Directions - Copy exactly the lines of the data below, beginning with the line with "El Departament de" and ending with the line with "Fig. 3 : Veduta". Pictures are to be omitted.
START Records
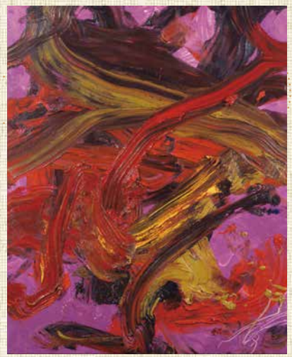
白髪一雄「天女の舞」
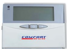
Настенный пульт ДУ (Только опционально при наличии платы PCB)
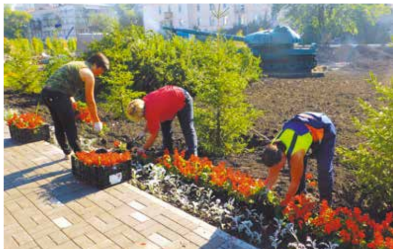
Почти все жители микрорайона приняли участие в субботнике

партнеров проекта: ЗАО «Компания «АСК», ОАО «Омскэлектро», ОАО «ОмскВодоканал», ЗАО «База Агрокомплект», АО «Омский завод гражданской авиации», ЗАО «Завод сборного железобетона № 6», АО «Омский аэропорт», ЗАО «Трест № 4», ООО ФСК «Застройщик», ОАО «Мельница», ООО «Сибгазстройдеталь Инвест», ООО «Топливо-заправочный комплекс Омск (Центральный)», ООО «Ф-Консалтинг», ООО «Завод сборного железобетона № 7 Треста Железобетон», Омский филиал ОАО «Согаз».
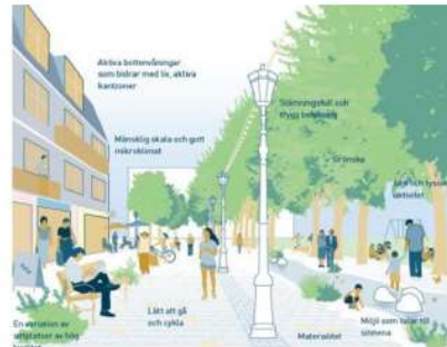
Hur hanteras utrymning från bostäderna i denna illustration?

genom fönster. Det innebär att det måste vara möjligt att ställa upp höjdfordon i anslutning till byggnaden. Ökas grönska måste därmed placeras utifrån vad som är möjligt för att säkerställa de boendes säkerhet. Samma princip gäller även för andra installationer i gaturummet.
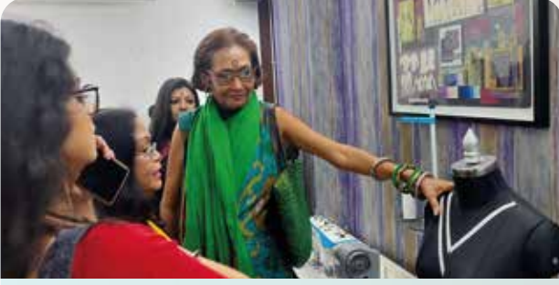
রবীন্দ্র সৃজনকলা বিশ্ববিদ্যালয়ের ক্যাম্পাস পরিদর্শনে আন্তর্জাতিক খ্যাতিসম্পন্ন ফ্যাশন আইকন ও ফ্যাশন ডিজাইন বিভাগের সাম্মানিক শিক্ষক বিবি রাসেলা।
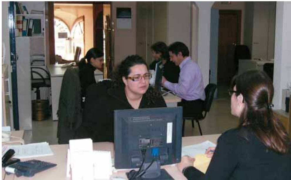
El Departament de Recaptació de l'Ajuntament es troba a l'edifici central.

La base impositiva de l'IBI se situa en el 0,92%, mentre que hi ha un augment generalitzat als impostos municipals del 2,7%
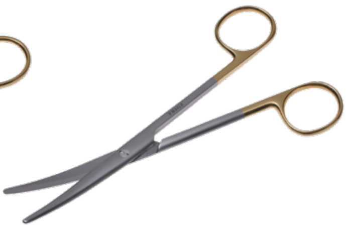
T/C メーヨ・レクサー剪刀 T/C Dissecting Scissors Mayo-Lexer 商品コード サイズ B022-016C 16cm 曲
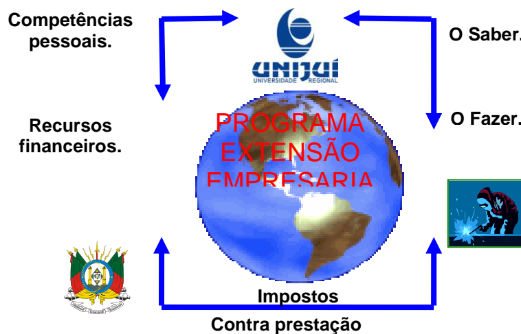
Figura 2 – Tripé da formatação do Programa – Governo x Universidade x Empresas

A formatação do Programa envolvendo a universidade como parceira e as empresas como beneficiárias do projeto, está ilustrada na Figura 2.
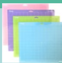
Tapis de découpe
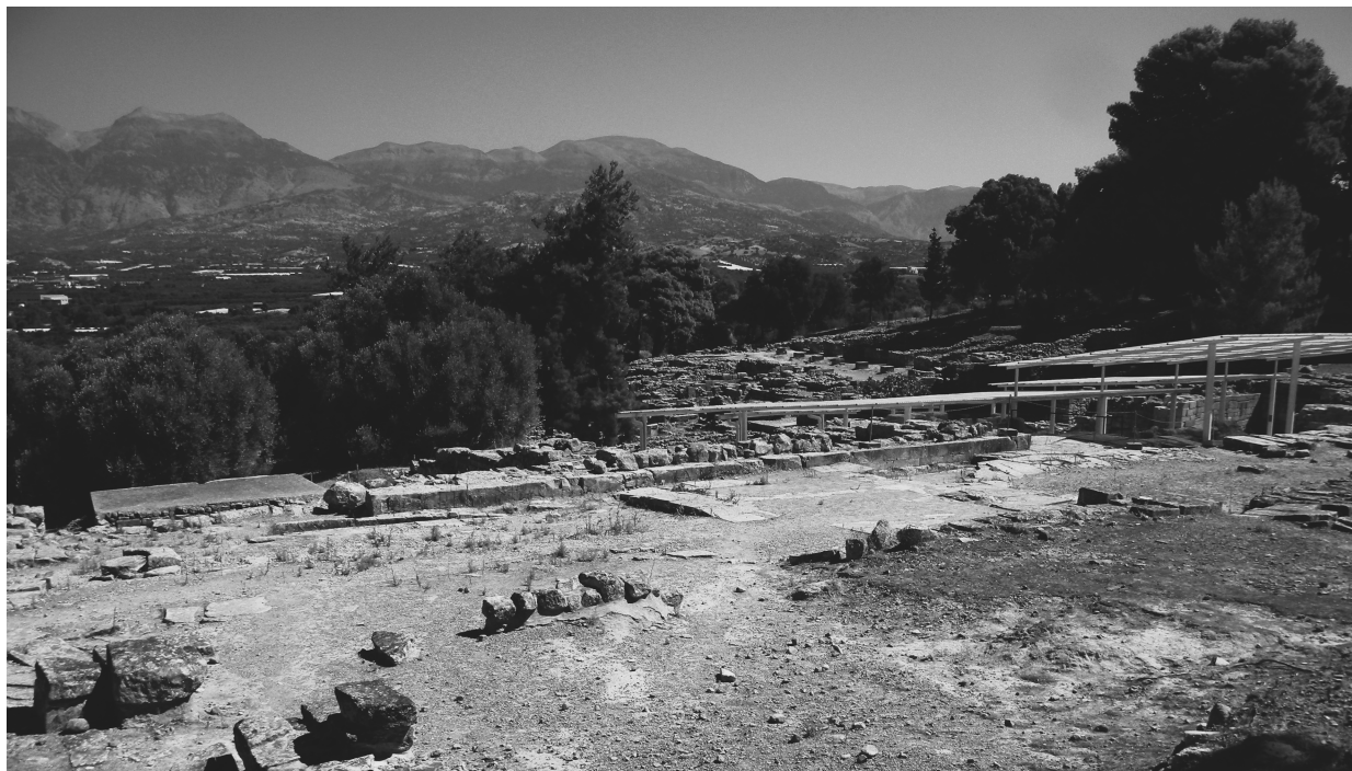
Fig. 3 : Veduta della catena montuosa del monte Ida a Nord di Haghia Triada, dall'area ad Ovest del Piazzale dei Sacelli.

In definitiva, il paesaggio potrebbe aver giocato un ruolo determinante nella scelta del fulcro insediativo di Haghia Triada e in particolare del luogo così a lungo adibito ad attività rituali, che sembrano potersi riferire in qualche modo ad un culto della memoria e degli antenati. La sacralità del Piazzale dei Sacelli potrebbe, quindi, essere, almeno in parte, dovuta alla sua posizione in un'area connotata da elementi paesaggistici che, nell'immaginario collettivo del tempo, erano riconducibili al confine tra il mondo dei vivi e quello dei morti e dunque al collegamento tra presente e passato, aspetto chiaramente rimarcato in ogni fase di utilizzo del luogo di culto.
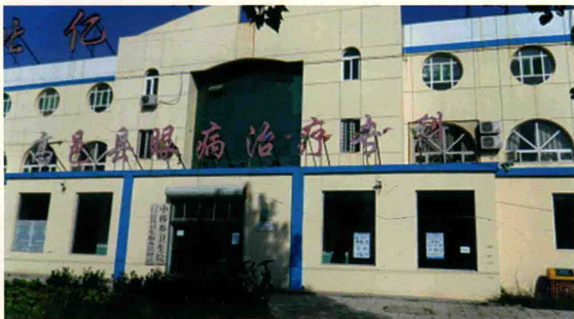
高邑县中韩乡卫生院
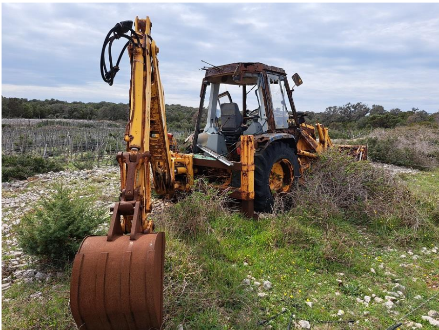
Sl. 78 Radni stroj CASE POCLAIN 580K Turbo, 1995.g.
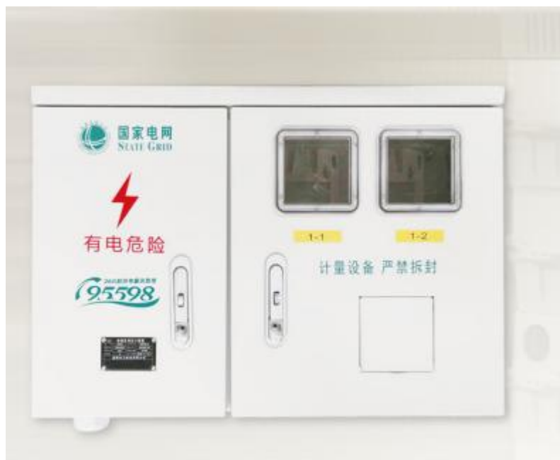
电能计量箱（配电板）（BXD2）
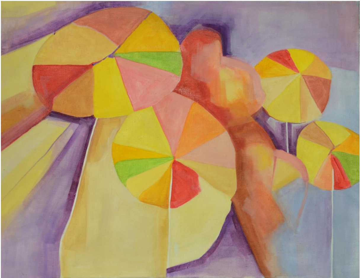
Cukrátko, olej na plátně 70x90 cm
END Records
Exercise output -
El Departament de Recaptació de l'Ajuntament es troba a l'edifici central.

La base impositiva de l'IBI se situa en el 0,92%, mentre que hi ha un augment generalitzat als impostos municipals del 2,7%
T/C メーヨ・レクサー剪刀 T/C Dissecting Scissors Mayo-Lexer 商品コード サイズ B022-016C 16cm 曲
Figura 2 – Tripé da formatação do Programa – Governo x Universidade x Empresas

A formatação do Programa envolvendo a universidade como parceira e as empresas como beneficiárias do projeto, está ilustrada na Figura 2.
Tapis de découpe
Fig. 3 : Veduta della catena montuosa del monte Ida a Nord di Haghia Triada, dall'area ad Ovest del Piazzale dei Sacelli.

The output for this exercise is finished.